# XM To Provide Emergency Information On New Public Safety Channel



## Steve Mehs (Mar 21, 2002)

XM Delivers National Broadcast During Natural Disasters and Local Weather Emergencies

Washington D.C., September 10, 2004 -- XM Satellite Radio (NASDAQ: XMSR), the nation's leading provider of satellite radio with more than 2.1 million subscribers, announced that it has launched a new channel, XM Emergency Alert (XM Channel 247), dedicated to providing critical, updated information before, during and after natural disasters, weather emergencies and other hazardous incidents to listeners across the country.

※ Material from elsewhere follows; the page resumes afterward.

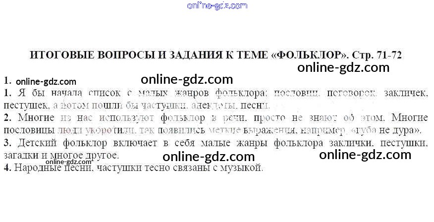 Готовые домашние задания по Литературе за 5 класс Учебник-хрестоматия Курдюмова Вертикаль 2016 - Итоговые вопросы и задания на стр. 71-72 Часть 1 1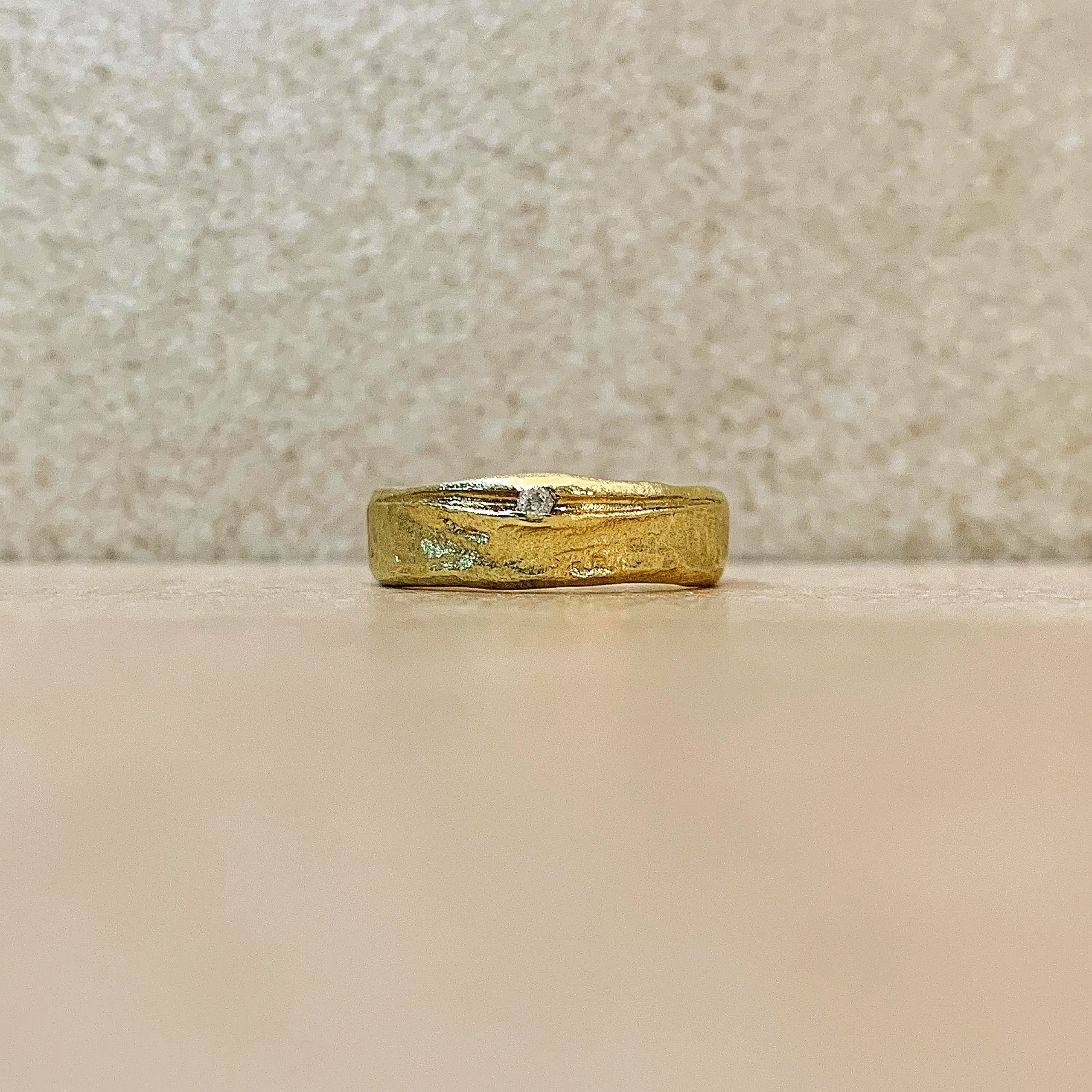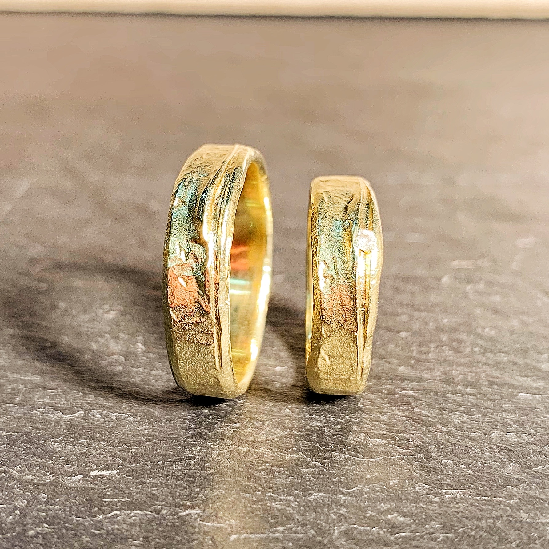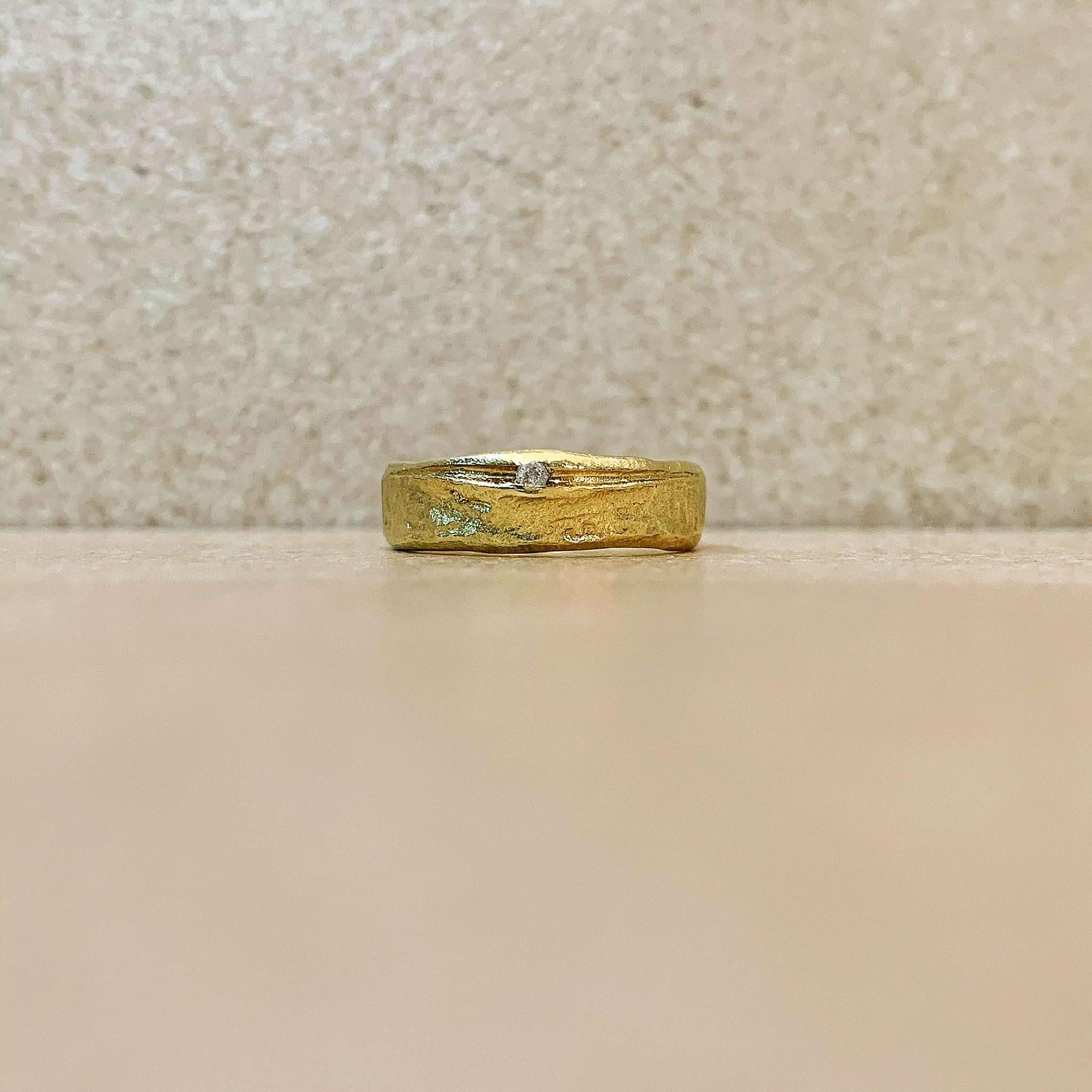 Der Ring wird aus 585/-Gelbgold gefertigt, hat eine strukturierte „felsige“ Oberfläche und als besonderes Stilelement die Felspalte, in die auf Wunsch auch ein kleiner Diamant im Brillantschliff gefasst werden kann.

Utilizing XM's nationwide broadcast system, the new XM Emergency Alert channel delivers key survival information such as evacuation routes, shelter locations and updated weather emergency information for impacted areas. XM Emergency Alert provides data from a variety of national and local government sources, including the Federal Emergency Management Agency (FEMA), National Oceanic and Atmospheric Administration (NOAA) National Weather Service, U.S. Department of Health and Human Services, American Red Cross, local police and fire departments and eyewitness reports. The XM Emergency Alert channel is produced by a dedicated staff for instant, around the clock information during serious local emergencies.

MORE


----------



## djlong (Jul 8, 2002)

How long before the NAB says that this should be banned so as to protect the monopoly local radio stations have?


----------